Trip generation models provide a measure of the rate at which trips both in and out of the zone in question are made. They predict the total number of trips produced by and attracted to its zone. Centres of residential development, where people live, generally produce trips. The more dense the development and the greater the average household income is within a given zone; the more trips will be produced by it. Centres of economic activity, where people work, are the end point of these trips. The more office, factory and shopping space existing within the zone, the more journeys will terminate within it. These trips are 2-way excursions, with the return journey made at some later stage during the day.
It is an innately difficult and complex task to predict exactly when a trip will occur. This complexity arises from the different types of trips that can be undertaken by a car user during the course of the day (work, shopping, leisure, etc.). The process of stratification attempts to simplify the process of predicting the number and type of trips made by a given zone. Trips are often stratified by purpose, be it work, shopping or leisure. Different types of trips have different characteristics that result in them being more likely to occur at different times of the day. The peak time for the journey to work is generally in the early morning, while shopping trips are most likely during the early evening. Stratification by time, termed temporal aggregation, can also be used, where trip generation models predict the number of trips per unit timeframe during any given day. An alternative simplification procedure can involve considering the trip behaviour of an entire household of travellers rather than each individual trip maker within it. Such an approach is justified by the homogeneous nature, in social and economic terms, of the members of a household within a given zone. Within the context of an urban transportation study, three major variables govern the rate at which trips are made from each zone within the study area:
· Distance of zone from the central business district/city centre area
· Socio-economic characteristics of the zone population (per capita income, cars available per household)

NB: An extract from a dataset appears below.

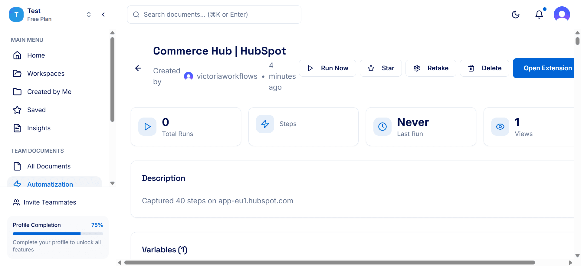 Creating an automated workflow in DocuFast allows you to record a real process once and reuse it whenever needed. DocuFast captures every step as you work and turns it into a reusable automatization.

· Intensity of land use (housing units per hectare, employees per square metre of office space)
The relationships between trips generated and the relevant variables are expressed as mathematical equations, generally in a linear form. For example, the model could take the following form:
The coefficients a0 to an which occur within typical trip generation models as shown in equation 2.1 are determined through regression analysis. Manual solutions from multiple regression coefficients can be tedious and time-consuming but software packages are readily available for solving them. For a given trip generation equation, the coefficients can be assumed to remain constant over time for a given specified geographical location with uniform demographic and socio-economic factors.
In developing such regression equations, among the main assumptions made is that all the variables on the right-hand side of the equation are independent of each other. It may not, however, be possible for the transportation expert to conform to such a requirement and this may leave the procedure open to a certain level of criticism. In addition, basic errors in the regression equation may exist as a result of biases or inaccuracies in the survey data from which it was derived. Equation 2.1 assumes that the regression of the dependent variable on the independent variables is linear, whereas in reality this may not be the case.
Difficulties with the use of regression analysis for the analysis of trip generations have resulted in support for the use of models with the person or, more often, the household, at its basis. This process of estimating trip generations directly from household data is known as category analysis. Within it, households are subdivided into smaller groupings that are known to possess set tripmaking patterns. Category analysis assumes that the volume of trips generated depend on the characteristics of households together with their location relative to places of work. These characteristics are easily measured. They include household income, car ownership, family size, number of workers within the household and housing density. The method does, however, assume that both car ownership and real income levels will increase in the future. This may not necessarily be the case.
For example, the more people within a household and the more cars available to them, the more trips they will make; say we define 15 subgroups in terms of two characteristics – numbers within the household and number of cars available – and we estimate the number of trips each subgroup is likely to make during the course of the day. An example of category analysis figures is given in Table 2.1.
For the neighbourhood under examination, once the number of households within each subgroup is established, the total number trips generated each day can be calculated.